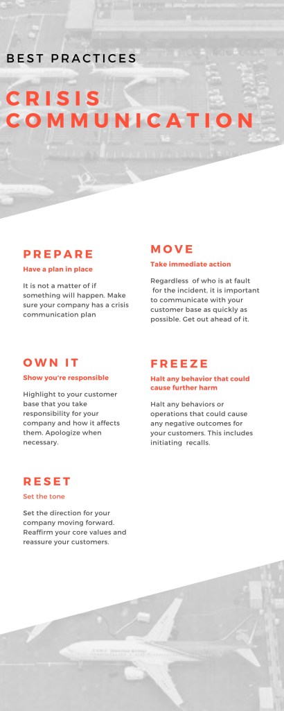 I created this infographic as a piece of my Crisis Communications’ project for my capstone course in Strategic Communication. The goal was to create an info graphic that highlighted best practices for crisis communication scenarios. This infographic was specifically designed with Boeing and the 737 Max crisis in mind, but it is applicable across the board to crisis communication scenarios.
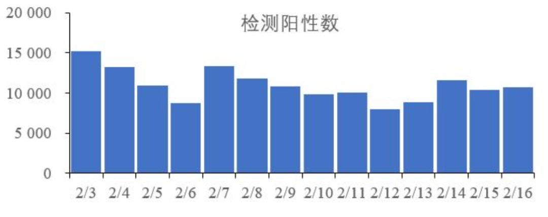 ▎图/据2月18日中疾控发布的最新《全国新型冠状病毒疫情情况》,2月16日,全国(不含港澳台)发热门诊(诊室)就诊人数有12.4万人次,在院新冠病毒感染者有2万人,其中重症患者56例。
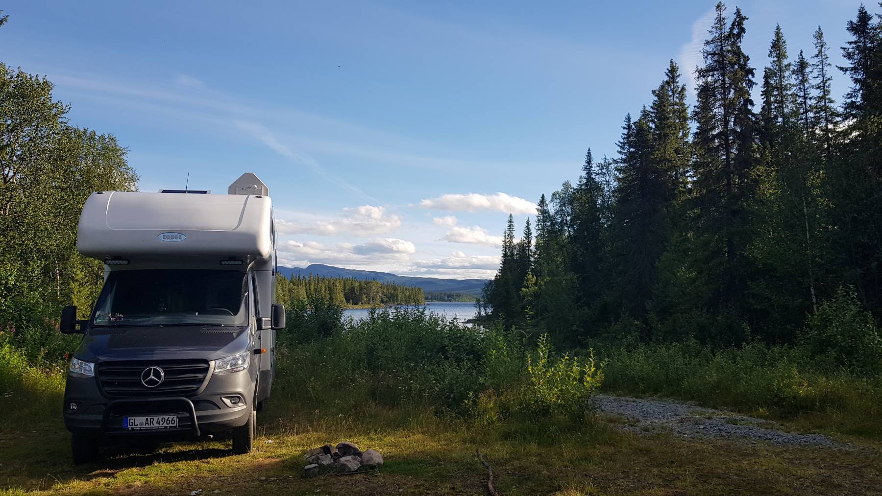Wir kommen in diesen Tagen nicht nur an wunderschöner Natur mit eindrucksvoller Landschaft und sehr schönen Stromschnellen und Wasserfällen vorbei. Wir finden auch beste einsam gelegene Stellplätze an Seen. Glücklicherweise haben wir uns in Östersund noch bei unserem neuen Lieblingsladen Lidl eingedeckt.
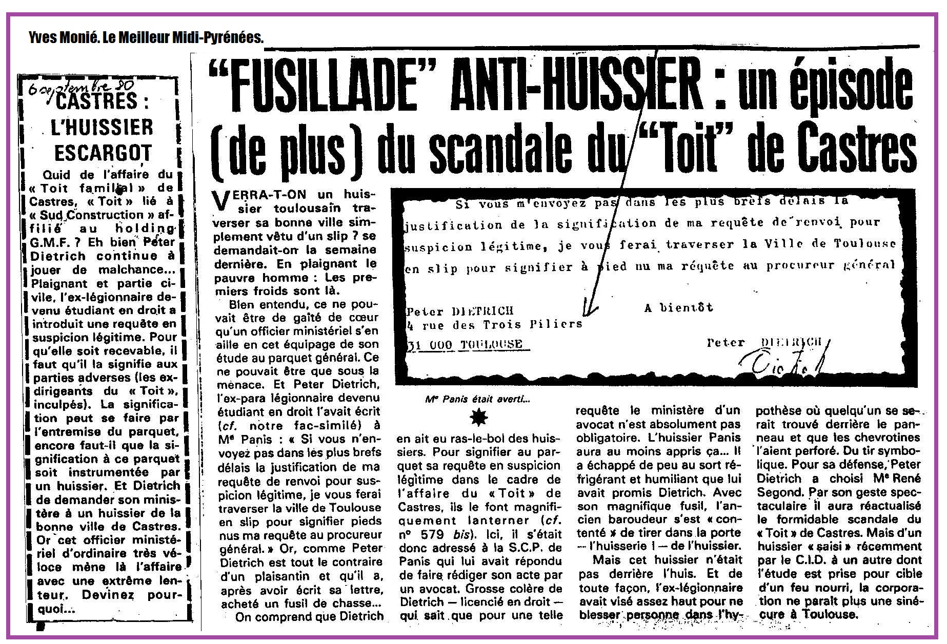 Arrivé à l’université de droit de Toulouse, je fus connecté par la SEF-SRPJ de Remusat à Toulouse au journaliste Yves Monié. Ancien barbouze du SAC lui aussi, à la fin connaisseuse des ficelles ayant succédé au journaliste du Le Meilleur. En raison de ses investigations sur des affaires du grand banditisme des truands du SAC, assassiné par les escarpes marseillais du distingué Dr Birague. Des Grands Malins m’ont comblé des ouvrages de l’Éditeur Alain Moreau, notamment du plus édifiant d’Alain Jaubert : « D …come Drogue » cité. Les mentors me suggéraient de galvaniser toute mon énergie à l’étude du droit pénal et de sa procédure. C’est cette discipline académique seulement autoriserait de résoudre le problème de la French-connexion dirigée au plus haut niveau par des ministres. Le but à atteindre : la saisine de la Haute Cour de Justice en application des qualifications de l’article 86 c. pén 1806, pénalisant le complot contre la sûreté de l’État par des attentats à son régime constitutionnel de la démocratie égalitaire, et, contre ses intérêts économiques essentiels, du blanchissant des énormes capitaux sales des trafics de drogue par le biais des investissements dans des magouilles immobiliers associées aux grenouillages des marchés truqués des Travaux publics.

- Work task: The listing above, line by line: print it exactly, but not its pictures.

- Solution to the exercise:
 I created this infographic as a piece of my Crisis Communications’ project for my capstone course in Strategic Communication. The goal was to create an info graphic that highlighted best practices for crisis communication scenarios. This infographic was specifically designed with Boeing and the 737 Max crisis in mind, but it is applicable across the board to crisis communication scenarios.
 ▎图/据2月18日中疾控发布的最新《全国新型冠状病毒疫情情况》,2月16日,全国(不含港澳台)发热门诊(诊室)就诊人数有12.4万人次,在院新冠病毒感染者有2万人,其中重症患者56例。
Wir kommen in diesen Tagen nicht nur an wunderschöner Natur mit eindrucksvoller Landschaft und sehr schönen Stromschnellen und Wasserfällen vorbei. Wir finden auch beste einsam gelegene Stellplätze an Seen. Glücklicherweise haben wir uns in Östersund noch bei unserem neuen Lieblingsladen Lidl eingedeckt.
 Arrivé à l’université de droit de Toulouse, je fus connecté par la SEF-SRPJ de Remusat à Toulouse au journaliste Yves Monié. Ancien barbouze du SAC lui aussi, à la fin connaisseuse des ficelles ayant succédé au journaliste du Le Meilleur. En raison de ses investigations sur des affaires du grand banditisme des truands du SAC, assassiné par les escarpes marseillais du distingué Dr Birague. Des Grands Malins m’ont comblé des ouvrages de l’Éditeur Alain Moreau, notamment du plus édifiant d’Alain Jaubert : « D …come Drogue » cité. Les mentors me suggéraient de galvaniser toute mon énergie à l’étude du droit pénal et de sa procédure. C’est cette discipline académique seulement autoriserait de résoudre le problème de la French-connexion dirigée au plus haut niveau par des ministres. Le but à atteindre : la saisine de la Haute Cour de Justice en application des qualifications de l’article 86 c. pén 1806, pénalisant le complot contre la sûreté de l’État par des attentats à son régime constitutionnel de la démocratie égalitaire, et, contre ses intérêts économiques essentiels, du blanchissant des énormes capitaux sales des trafics de drogue par le biais des investissements dans des magouilles immobiliers associées aux grenouillages des marchés truqués des Travaux publics.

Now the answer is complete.